Reproduce every line of the material below exactly. No pictures belong in the copy.
═════ Data excerpt ═════
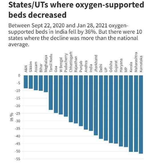Inourcountrymanycitiesreportingachronicshortageof ICU beds.And also in many social media platforms like instagram, twitter, facebook,…there are spreading and making viral for getting help. some reports saying that people dying without getting required treatment in time are coming from all over the country Twenty out of 28 districts in chattisgarh, 36 of the 12 districts in Maharashtra,52ofthe13districtsinMadhyaPradeshand 22ofthethe8districtsinPunjabhavinglackofbedsdueto lackofavailabilityofbedsriseinnumberofCovid-19cases takesplace.
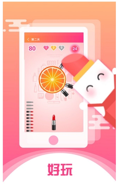 2、流行的玩法,备受女性玩家欢迎,玩法其实和飞刀挑战类似,玩家需要不断把口红射在圆盘上,得分越高获得口红几率越大,据说每天都会出现一万只口红让您获取,轻松的收集,十分有趣。
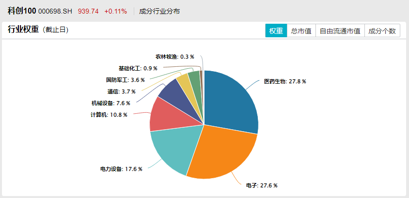 科创100ETF(588190)紧密跟踪科创100指数,该指数是从上海证券交易所科创板中选取市值中等且流动性较好的100只证券作为样本。目前来看,医药生物、电子、新能源及计算机是该指数的主要权重行业。
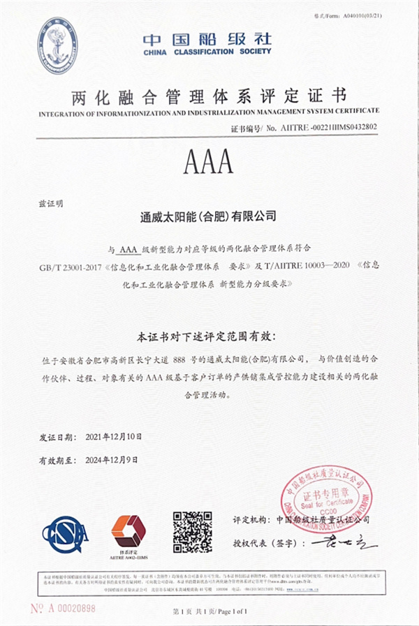 通威太陽能合肥基地榮獲國家兩化融合管理體系評定證書
═════
### Response box
Inourcountrymanycitiesreportingachronicshortageof ICU beds.And also in many social media platforms like instagram, twitter, facebook,…there are spreading and making viral for getting help. some reports saying that people dying without getting required treatment in time are coming from all over the country Twenty out of 28 districts in chattisgarh, 36 of the 12 districts in Maharashtra,52ofthe13districtsinMadhyaPradeshand 22ofthethe8districtsinPunjabhavinglackofbedsdueto lackofavailabilityofbedsriseinnumberofCovid-19cases takesplace.
 2、流行的玩法,备受女性玩家欢迎,玩法其实和飞刀挑战类似,玩家需要不断把口红射在圆盘上,得分越高获得口红几率越大,据说每天都会出现一万只口红让您获取,轻松的收集,十分有趣。
 科创100ETF(588190)紧密跟踪科创100指数,该指数是从上海证券交易所科创板中选取市值中等且流动性较好的100只证券作为样本。目前来看,医药生物、电子、新能源及计算机是该指数的主要权重行业。
 通威太陽能合肥基地榮獲國家兩化融合管理體系評定證書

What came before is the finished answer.